Versatile Variations to Brighten Your Salad

  • Fruity twist: add thinly sliced mango or mandarin segments for sweet acidity that pairs beautifully with sesame-ginger dressing.
  • Spicy-sesame: fold in gochujang or a chili crisp to the dressing for a deeper heat profile.
  • Mediterranean fusion: swap cilantro for parsley and add toasted pine nuts and preserved lemon for a surprising, bright take.
  • Gourmet finish: drizzle a tiny amount of finishing oil (like toasted walnut oil) or use a high-quality dark sesame oil for a more complex aroma.
  • Regional spin: add pickled carrots and daikon with a splash of rice vinegar for a Vietnamese-style crunch bowl.

Troubleshooting

  • I noticed the dressing tasted too salty—dilute with a little extra rice vinegar or a splash of water and re-taste.
  • If the cabbage becomes soggy, I refresh it quickly in ice water, then spin or pat dry to restore snap.
  • If your chicken is dry, slice it thinly across the grain and toss it with a touch of the reserved dressing to add moisture back into the protein.
  • If the salad feels flat, add a bright acid (fresh lime or rice vinegar) and more fresh herbs to lift the flavors.

Frequently Asked Questions

Can I customize the vegetables in this sesame chicken salad?
Absolutely! This salad is very versatile, and you can use your favorite crunchy vegetables to suit your taste.

How can I keep the salad fresh for meal prep?
To keep the salad crunchy, store the dressing separately and add it just before serving. This will help maintain the freshness of the vegetables.

Can I make this salad in advance?
Yes, you can prepare the salad in advance! Just keep the dressing on the side until you’re ready to eat.

What can I use instead of chicken for a vegetarian version?
You can substitue chicken with tofu, chickpeas, or any other protein of your choice to make it vegetarian-friendly.

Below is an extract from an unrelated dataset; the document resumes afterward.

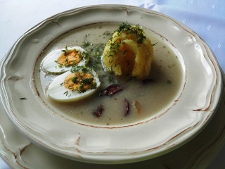 Żurek na wypasie na naturalnym, żytnim zakwasie podany z jajkiem, kiełbasą wiejską, gałką ziemniaków i cebulą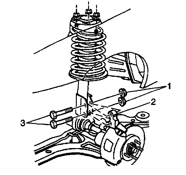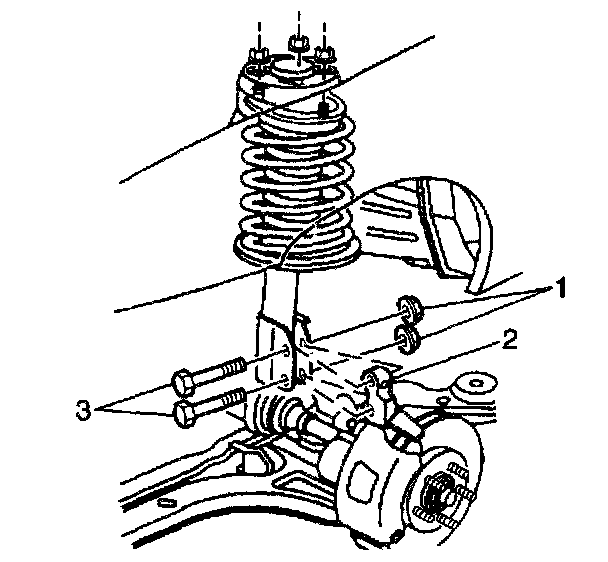 8. Remove the front strut to steering knuckle retaining bolts (3) and nuts (1).

Is the sesame chicken salad gluten-free?
Yes, this salad is gluten-free if you use gluten-free soy sauce or tamari for the dressing.

Delicious sesame chicken salad with colorful vegetables, grilled chicken, and sesame seeds in a bowl.
Alyssa

Sesame Chicken Salad

Fresh and delicious sesame chicken salad packed with bright, crunchy vegetables, juicy chicken, and a flavorful sesame ginger dressing.
Prep Time 45 minutes
Cook Time 15 minutes
Total Time 1 hour
Servings: 4 people
Course: Dinner, Lunch
Cuisine: American, Asian
Calories: 594

Ingredients
  

  • Grilled Sesame Chicken
  • 4 cups shredded green cabbage
  • 2 cups shredded red cabbage
  • 1/2 cup diced green onion
  • 3/4 cup freshly diced cilantro
  • 1 cup shredded carrots
  • 1 unit red bell pepper, thinly julienned
  • 1 unit jalapeno, seeded and diced
  • Sesame Ginger Dressing
  • 1/3 cup toasted sliced almonds
  • 1/3 cup roasted cashew halves
  • Sesame seeds
  • Extra cilantro
  • Extra green onion
  • Jalapeno slices
  • Crispy wonton strips

Method
 

  1. Marinate the chicken using the grilled sesame chicken recipe.
  2. Make the sesame ginger dressing. Set aside.
  3. Assemble the salad: in a large bowl, add the green and red cabbage, green onion, cilantro, carrots, bell pepper and jalapeno. Pour dressing over the salad and toss to combine.
  4. Serve the salad on a platter, garnished with almonds, cashews, cilantro, sesame seeds, jalapeno slices and green onion.

Notes

This salad is customizable with your favorite veggies and proteins for a healthy meal.